May 1, 2017
As we reported last month, the level of investment in commercial property undertaken by UK local authorities is raising serious concerns within both central government and the real estate sector. Now, a fresh warning has been issued by the former business secretary Sir Vince Cable that councils face potential bankruptcy if the property bubble bursts. In recent years councils have faced an average 37 percent real term cut in government funding and so have taken to borrowing large sums at low interest rates from the Treasury’s Public Works Loan Board to reinvest in commercial property ventures. The move has already been identified as risky by the Government’sown Public Accounts Committee and Cable joins a chorus of voices in expressing doubts.
“Local authorities have a long and inglorious history of gambling in financial and property markets,” he said. “When they are massively constrained in what they can do around council tax – and indeed commercial rates – they are trying to prevent even deeper and more damaging cuts by taking these unorthodox measures. In some cases they may succeed, but there is a very high risk of bankrupting their local authorities. It does suggest a certain degree of desperation. What is so bizarre, so shocking, is that they are investing in property in other parts of the country.
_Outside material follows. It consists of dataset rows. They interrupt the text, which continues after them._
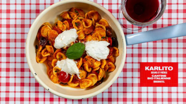 - Sauce tomate, légumes grillés et marinés, burrata, basilic
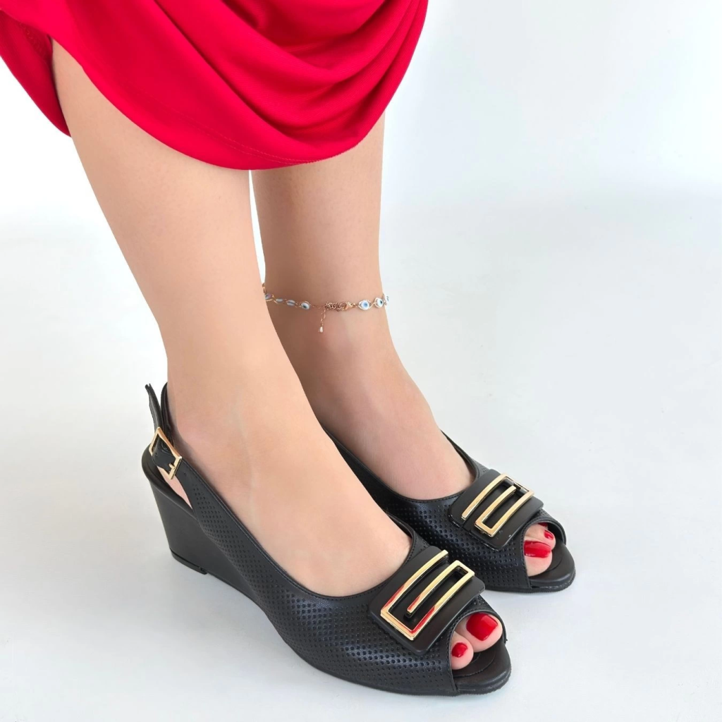 Mamba Siyah Cilt Dolgu Topuk Ayakkabı
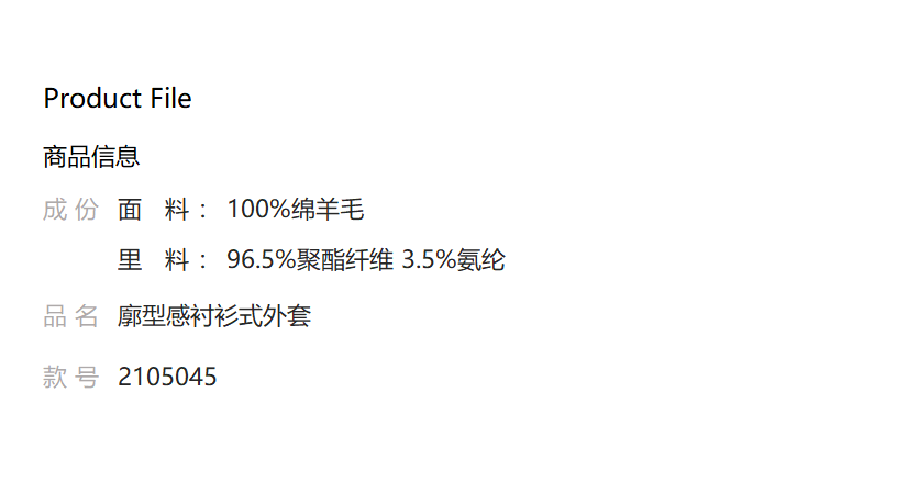 休闲风-廓型感衬衫式羊毛外套 - 轻奢百搭通勤宽松大衣 2105045
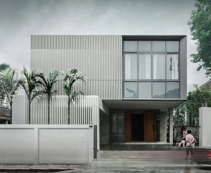 รอบ ๆ อาคารตกแต่งด้วยระแนงสีขาวและช่องหน้าต่าง ซึ่งช่วยให้สามารถชมวิวได้จากภายใน ไปพร้อมกับการรักษาความเป็นส่วนตัว ในขณะเดียวกันก็เป็นการเปิดช่องให้แสงสามารถส่องเข้ามายังพื้นที่ต่าง ๆ ได้ตลอดทั้งวัน อีกทั้งยังช่วยให้ภายนอกมีความโดดเด่นและดูโมเดิร์น
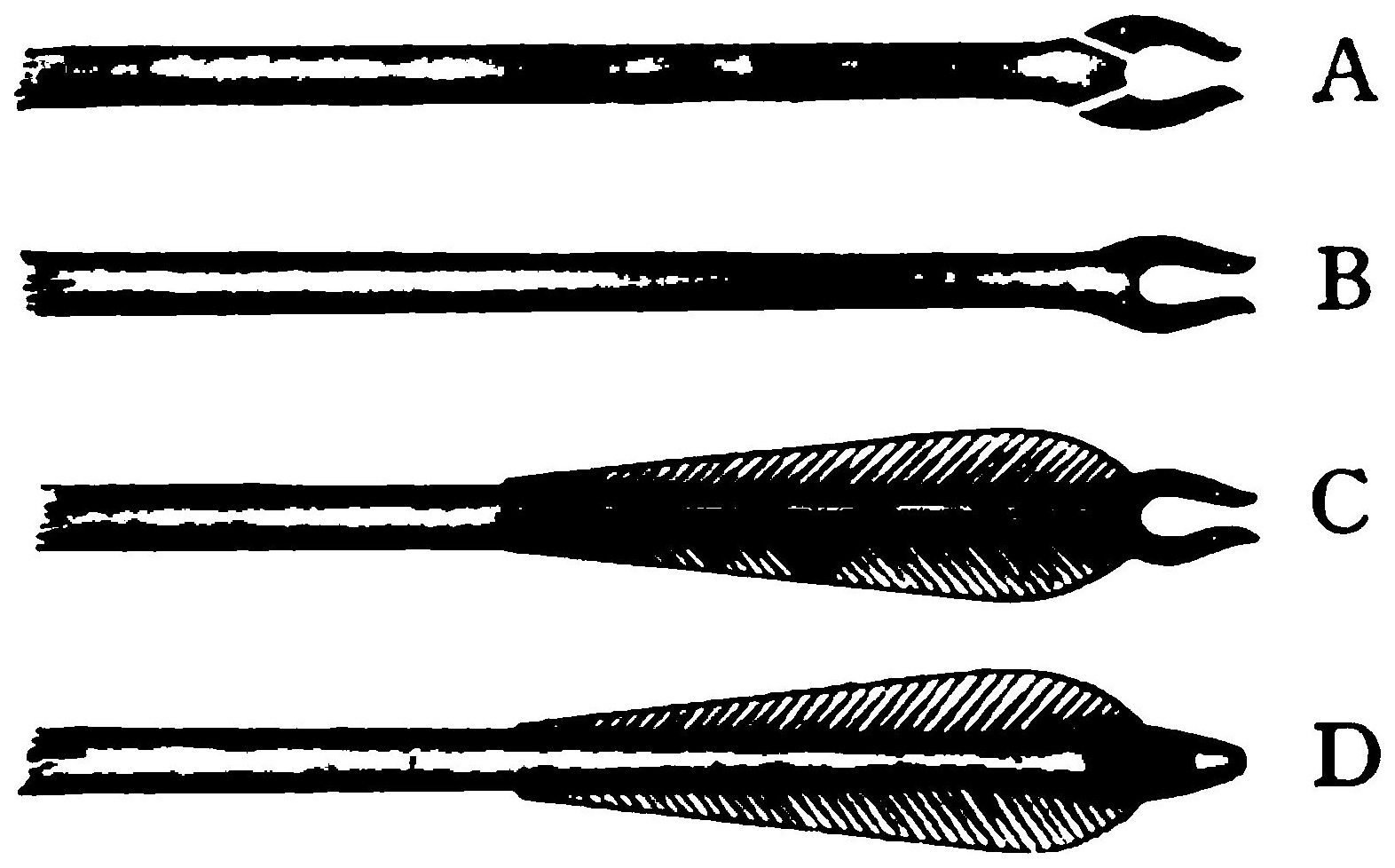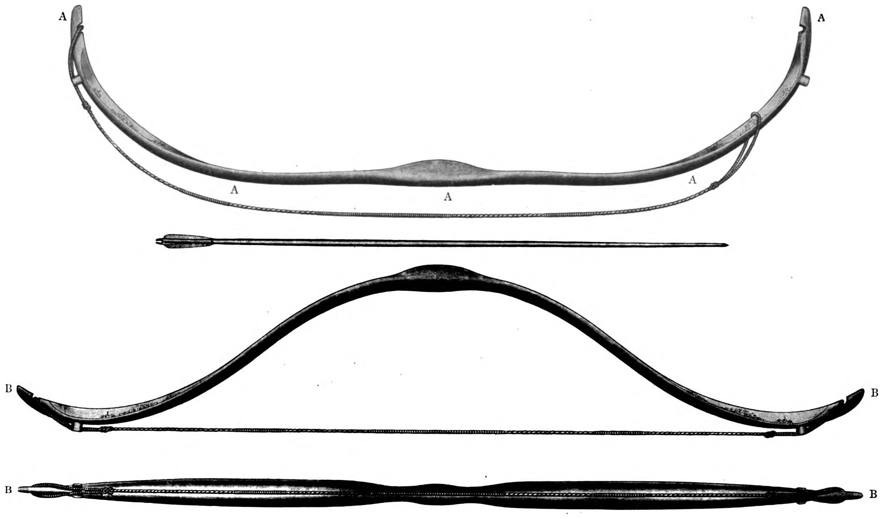 It should not be supposed, however, that because these bows were so diminutive in size, they were mere playthings for shooting a flight arrow to an immense range. They were powerful weapons of warfare, and, as I have proved in practice, those of only moderate power are capable of sending an iron-shod arrow weighing 5s., or one ounce, to a distance of 280 yards. Bows that could shoot a flight arrow 600 yards, and more, would certainly be able to drive an ounce arrow 360 to 400 yards—or much farther than was possible with the old English longbow and its war shaft.

It makes no sense whatsoever.”
In the interview cited in the Guardian, Cable compares the situation to that in 2008 when councils who had deposited large sums with Icelandic banks to take advantage of high interest rates were left exposed when those banks went bust during the global financial crash.
“It did very serious damage to some councils,” Cable said. “It should have been a warning to all corporate treasurers in local government to not go anywhere near this.”